LSU needs to step up its offense against UNO on Thursday night in the worst kind of way.
Tipoff is at 7 p.m. in the Pete Maravich Assembly Center.
LSU (2-0) must convert more from the inside the arc, where it missed too many layups and dunks against Arkansas State last Saturday in a 61-52 win, coach Matt McMahon said.
McMahon also wants the unforced mental errors that are resulting in turnovers to stop.
LSU’s poor shooting from close range, and excessive turnovers, have allowed LSU’s first two opponents, both of which had obviously inferior talent and depth compared to the Tigers, to hang around within striking distance late in game.
In both games, Arkansas State and Kansas City made a run to close the game, but LSU managed to win.
Arkansas State closed to within two points, inside the 10-minute mark of the game, but LSU was able to hold the Red Wolves scoreless for over seven minutes, while expanding the lead eventually to 13 points with three minutes to play.
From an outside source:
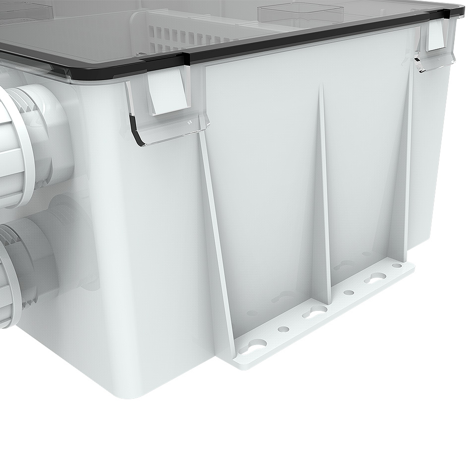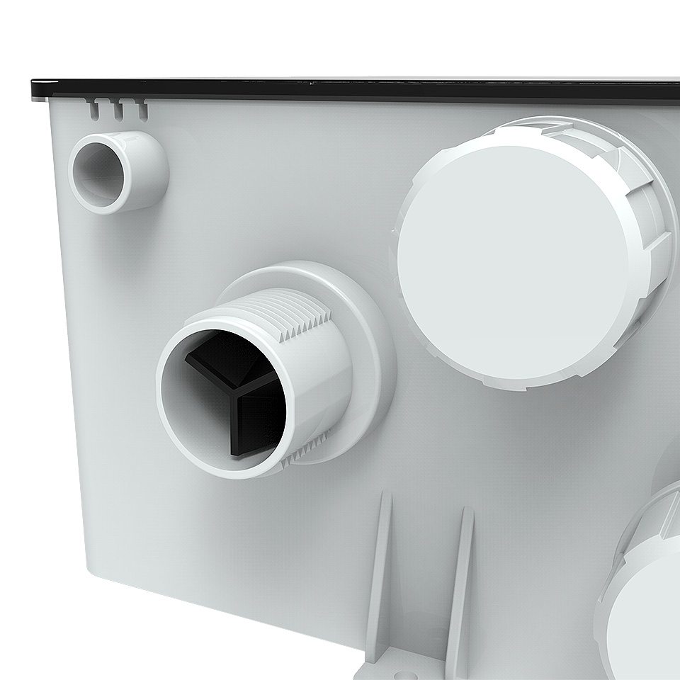 Промежуточный пластиковый бак для слива воды из раковины, душа и т.д. Применяется в случаях, когда из-за недостатка места невозможно достаточно низко разместить сточный бак необходимого объема. Стекающая вода попадает в бак по нескольким шлангам (бак имеет 3 впускных штуцера разного диаметра), а затем с помощью установленной в баке трюмной помпы с поплавковым выключателем удаляется в накопительный сточный бак достаточного объема, высота установки которого при такой схеме уже не имеет особого значения. Снабжен легко очищаемым фильтром и прозрачной крышкой. Невозвратный клапан предотвращает обратное поступление воды в бак самотеком. Бак поставляется в комплекте с автоматической (встроенный поплавковый выключатель) помпой производительностью 75 литров в минуту*. Штуцеры для подключения шлангов диаметром 19, 25 и 29 мм.
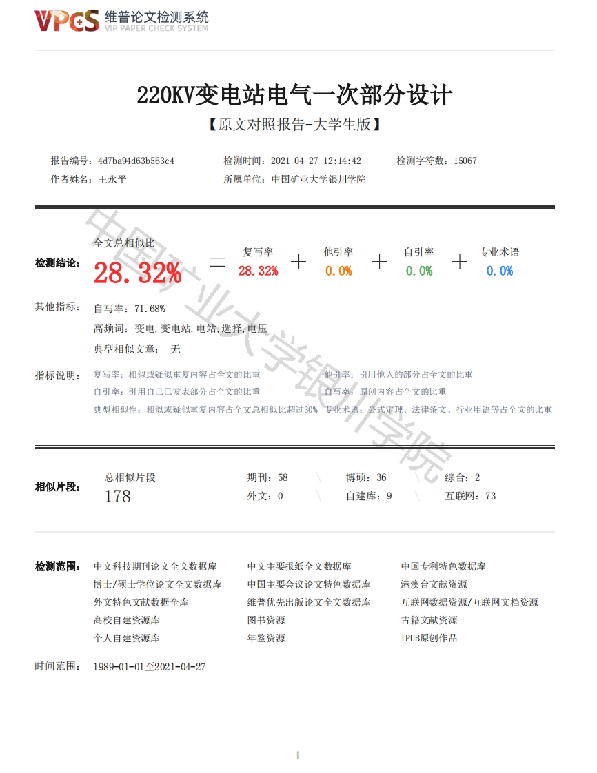维普论文检测系统VIP PAPER CHECK SYSTEM220KV变电站电气一次部分设计【原文对照报告-大学生版】报告编号:4d7ba94d63b563c4检测时间:2021-04-2712:14:42检测字符数:15067作者姓名:王永平所属单位:中国矿业大学银川学院全文总相似比复写率他引率自引率专业术语检测结论:28.32%28.32%0.0%0.0%0.0%其他指标:自写率:71.68%高频词:变电,变电站,电站,选择,电压典型相似文章:无指标说明:复写率:相似或疑似重复内容占全文的比重他引率:引用他人的部分占全文的比重自引率:引用自己已发表部分占全文的比重自写率:原创内容占全文的比重典型相似性:相似或疑似重复内容占全文总相似比超过30%专业术语:公式定理、法律条文、行业用语等占全文的比重总相似片段期刊:58博硕:36综合:2相似片段:178外文:0自建库:9互联网:73检测范围:中文科技期刊论文全文数据库中文主要报纸全文数据库中国专利特色数据库博士/硕士学位论文全文数据库中国主要会议论文特色数据库港澳台文献资源外文特色文献数据全库维普优先出版论文全文数据库互联网数据资源/互联网文档资源高校自建资源库图书资源古籍文献资源个人自建资源库年鉴资源IPUB原创作品时间范围:1989-01-01至2021-04-27维普论文检测系统VIP PAPER CHECK SYSTEM原文对照颜色标注说明:■自写片段■复写片段(相似或疑似重复)口引用片段(引用)■专业术语(公式定理、法律条文、行业用语等)中国矿业大学银川学院本科毕业综合训练(2021届)题目220kV变电站电气一次部分设计系别信息工程学院专业电气工程及其自动化年级2017级学生姓名王永平指导教师张凤2021年3月20日摘要变电站作为电力系统的一个重要组成部分,它是电力系统中电压变换、电能接受和分配、电力流向控制和电压调整的电力设施,将电能安全、可靠和经济地输送到每个电力用户。本课题主要为220V变电站作电气一次部分的设计,并且绘制电气主接线图。其中,本变电站按有两台主变压器,220kV、110kV及10kV三个电压等级进行设计。本课题主要进行了变压器选择、无功补偿装置选择、电气主接线设计、短路电流计算及高压电气设备(包括断路器、隔离开关、TA、TV、避雷器、熔断器等)选择和校验。关键词:变电站,电气主接线,变压器,无功补偿装置,电气设备目录1绪论11.1课题研究的背景与意义11.2国内外研究动态11.3工程设计主要依据11.4本变电站建设的必要性21.5本变电站在系统中的地位和作用21.6设计原始数据21.6.1负荷顶测及发展情况21.6.2接入系统方案21.6.3建设规模22主变压器42.1主变压器容量和台数的确定42维普论文检测系统VIP PAPER CHECK SYSTEM2.1.1容量的确定42.1.2主变压器台数的确定42.2主变压器型式选择42.2.1变电站主变压器相数的选择42.2.2绕组数量和连接方式的选择42.3本变电站主变压器选择52.3.1台数和容量52.3.2型式选择52.3.3中性点接地方式63无功补偿装置73.1无功补偿论证73.1.1容性无功补偿73.1.2感性无功补偿73.2本变电站无功补偿装置选择73.2.1台数和容量74电气主接线84.1主接线的设计原则84.1.1主接线的设计依据84.1.2主接线设计的基本要求4.2主接线的基本接线94.2.1单母线接线94.2.2单母线分段接线94.2.3双母线接线94.2.4双母线分段接线104.2.5桥形接线104.2.6增设旁路母线的接线10矿业大学银学院4.2.7母线接线方式分类及其主要特点和适用范围11增设旁路母线的接线124.3本变电站电气主接线设计134.3.1220kV电压侧接线134.3.2110kV电压侧接线144.3.310kV电压侧接线155短路电流计算175.1短路电流计算的一般规定175.2短路电流计算步骤175.3本变电站短路电流计算186高压电气设备选择196.1电气设备的一般要求196.1.1一般原则196.1.2技术条件196.2高压断路器216.2.1高压断路器的种类216.2.2本变电站高压断路器选择216.3隔离开关236.3.1本变电站隔离开关选择236.4电流互感器246.4.1本变电站电流互感器选择243

It’s an early-season trend LSU would like to see end against UNO, McMahon said.
UNO (1-1) lost 89-53 at Butler in its last game after it opened its season with a 65-63 win over St. Francis of Illinois at Lakefront Arena.
Jordan Johnson and Khaleb Wilson-Rouse each scored 14 points to lead the Privateers in its win.. Mark Slessinger is in his 12th year as the head coach at UNO.
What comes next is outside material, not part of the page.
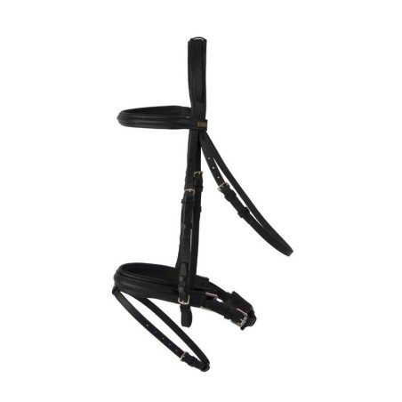 La muserolle est de type pull back permettant ainsi un meilleur ajustement à la tête du cheval. Le frontal est cintré afin de mieux couvrir le front.
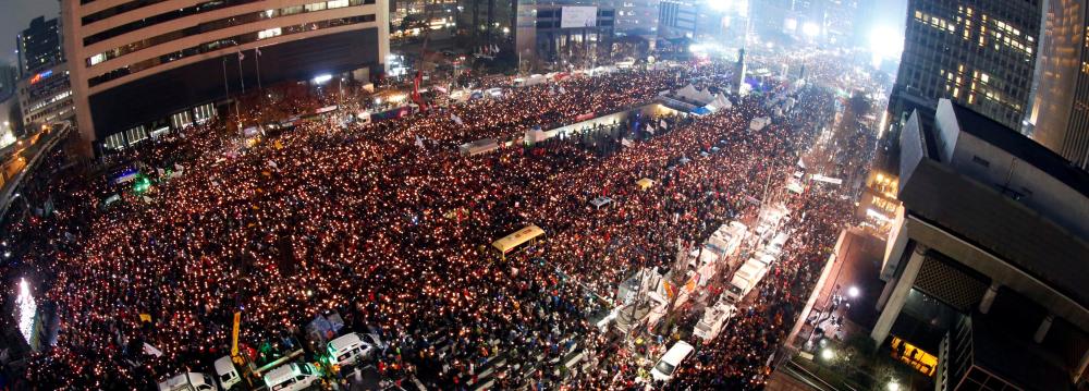 Massive demonstrations have been taking place in Seoul and other cities every Saturday for the past two months, with protesters calling for Park’s immediate departure from office.

LSU leads the overall series against UNO, 12-4.
LSU has 26 consecutive wins over Louisiana schools dating back to Nov. 2010 when LSU lost to Nicholls, 62-53.
Only three LSU players – Adam Miller, KJ Williams, and Justice Hill – scored field goals against Arkansas State last Saturday and coach McMahon blamed the teams overall lack of offensive production on missed “gimmees” – layups and dunks – that should have been converted to field goals but failed.
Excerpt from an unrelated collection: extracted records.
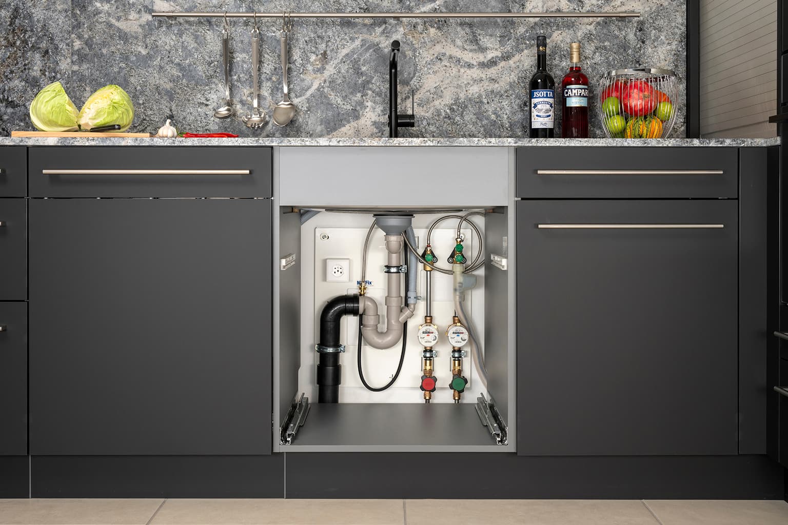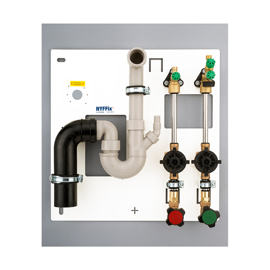 Die von Nyffenegger Armaturen selbst entwickelte Installationsplatte für das Küchenfach bringt viele Vorteile: Die Armaturen – darunter neu ein Doppelventil mit zwei Einzel-Absperrungen – sind auf der Metallplatte vormontiert, der PE-Bogen ist mit der Steckmuffe verschweisst, der Anschlussbogen der Spültischgarnitur angefast – Sie müssen lediglich viermal bohren. Danach bewahrt der smarte Bauschutz die Installation vor Verschmutzung – das Original exklusiv bei Nyffenegger Armaturen.
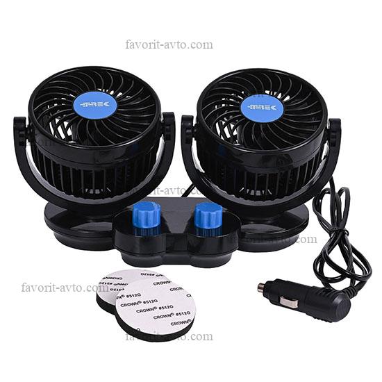 Вентилятор TREK Т-309 12V, 4,5", 7 Вт (на скотче) двойной с совмещ.регулировкой |
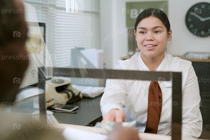 Молодая взрослая азиатская женщина помогает клиенту в окне банковского отделения
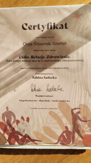 Nazywam się Olga Ślósarek-Grottel i jestem psycholożką. Studia magisterskie na kierunku psychologia (specjalność kliniczna) ukończyłam na Uniwersytecie SWPS w Poznaniu. Staram się nieustannie poszerzać swoją wiedzę i kompetencje biorąc udział w kursach i szkoleniach. Ukończyłam kurs podstawowy psychoterapii systemowej indywidualnej i rodzin w Wielkopolskim Towarzystwie Terapii Systemowej w Poznaniu. Dodatkowo szkoliłam się w ramach warsztatu Terapii Akceptacji i Zaangażowania, kursu terapii traumy oraz szkolenia z interwencji kryzysowej. Doświadczenie zdobywałam w Centrum Praw Kobiet w Poznaniu oraz Fundacji Niepodzielni. Oprócz konsultacji psychologicznych, wsparcia psychologicznego i interwencji kryzysowej zajmuje się także prowadzeniem warsztatów psychoedukacyjnych. Podczas naszych spotkań skupimy się na opowieściach, które przyniesiesz ze sobą do gabinetu, przyjrzymy się im i zastanowimy, czy mogą brzmieć tylko w ten sposób i jak Ty chcesz je opowiadać. Inaczej mówiąc: spojrzymy na sytuacje, które są dla Ciebie problematyczne z różnych perspektyw i zastanowimy się jak można wprowadzić w ich obszarze zmianę. Będziemy obserwować emocje, ciało, zachowania i relacje, dotrzemy do Twoich zasobów i źródeł siły. Moim celem jest doprowadzenie do momentu, w którym opuszczając gabinet będziesz wiedział/a, w którym kierunku chcesz dalej podążać, jakie wartości realizować i co przybliża Cię do życia, którym chcesz żyć. W czym mogę pomóc? - trudności w bliskich relacjach, trudności interpersonalne - trudności w radzeniu sobie z emocjami - depresja, obniżony nastrój - kryzysy życiowe (rozwód, kryzys w związku, utrata zdrowia) - życie z doświadczaniem przemocy (psychicznej, fizycznej, ekonomicznej) - żałoba, doświadczenie straty - nadmierny stres, napięcie - niska samoocena - odczuwanie lęku, niepokoju - wypalenie zawodowe, rodzicielskie - poszukiwanie własnej drogi życiowej i rozwojowej

Miller is averaging 22 points per game, having made 8-of-18 three-pointers so far this season, while Williams is averaging 14 points and nine rebounds. Hill is scoring 12 points a game and averaging five assists.
Miller, LSU’s leading scorer with 28 points against Arkansas State and 18 against Kansas City, has shot well from both inside and outside but overall the Tigers are missing out elsewhere early in the season.
“The 3-point efficiency has been very good; our 3-point shot selection has been very good,” McMahon said Tuesday. “But when you look at the two-point percentage, it’s poor — and it has to get better.”
LSU made 12 of 21 two-point field goal attempts against Kansas City and was 9 of 22 against Arkansas State.
“The first game, it was more of a shot-selection issue,” McMahon said, “too many contested mid-range shots, runners, floaters, high-degree-of-difficulty shots.
“In the second game, we just failed to finish plays. We got the ball to the rim, we counted on video 12 opportunities at the rim. Some of them were challenged or contested, but those are plays we have to finish. I think you’ll see improvement there as we move forward … there has to be.”